I consider that the overall picture in relation to T does not exclude cause for optimism about his future. His natural resilience may yet see him rise above these difficulties and live a productive life. I have no reason to think that he is not capable intellectually of holding down steady employment in an average sort of job. His interest in writing may well suggest that he is quite bright.
I am satisfied, however, on the balance of probabilities, that his underlying anger and sense of loss and betrayal will always leave him vulnerable to wishing to engage in escapist and anti‑social behaviour and make it less likely that he will display the commitment and discipline needed to maintain steady employment.
He is still young and I cannot possibly predict with any certainty whether he will rise above his childhood or, in time, succumb further than he has done to his underlying trauma. But difficulties in drawing any sure conclusions are no reason not to make an award. I must do the best I can with the information before me.

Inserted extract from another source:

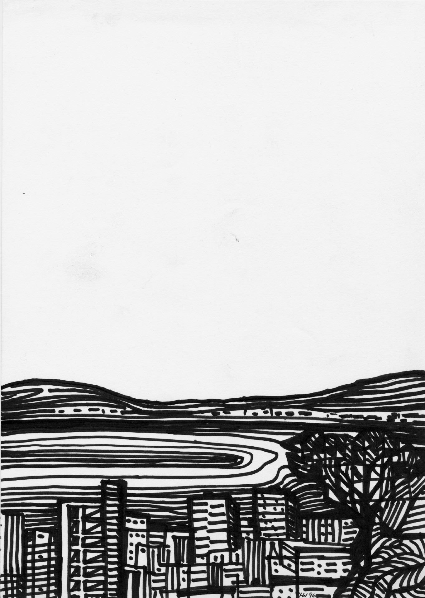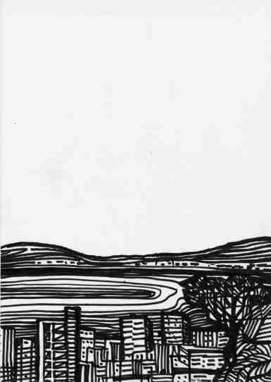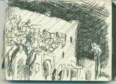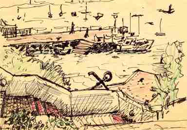 Kieine Reiseskizze in Tusche auf Papier.

For the pain and suffering of the chronic sexual abuse suffered by T and the mental trauma which followed upon it, I consider an appropriate award to be $50,000. For the consequent impact upon T's earning capacity, which I consider has been reduced to an extent, I consider an appropriate global award to be $60,000. I assess his total loss as $110,000. In the circumstances, I accept that the learned assessor's award was manifestly inadequate and I award T the maximum applicable to him of $100,000.
The matter of costs
Counsel for the appellants raised a matter of $6,270 worth of disbursements by way of costs of reports. I am not asked to, and do not intend to, interfere with the order made barring proceedings against the respondent. In those circumstances, however, I consider there to be no practical scope for making a costs order against him. It is also inappropriate that any such order be made against the State Solicitor's Office, which appears as amicus curiae. Accordingly, I make no order and any expenses will have to be borne out of the awards made.
Conclusion
The appeal is allowed and awards of $100,000 to both V and T and an award of $50,000 to L are substituted for those made by the learned assessor. As the appellants are still children, each sum is to be held in trust by the Public Trustee until the respective appellant reaches adulthood.
I direct that publication is prohibited of any part of this judgment which is likely to cause members of the public to identify any of the parties involved.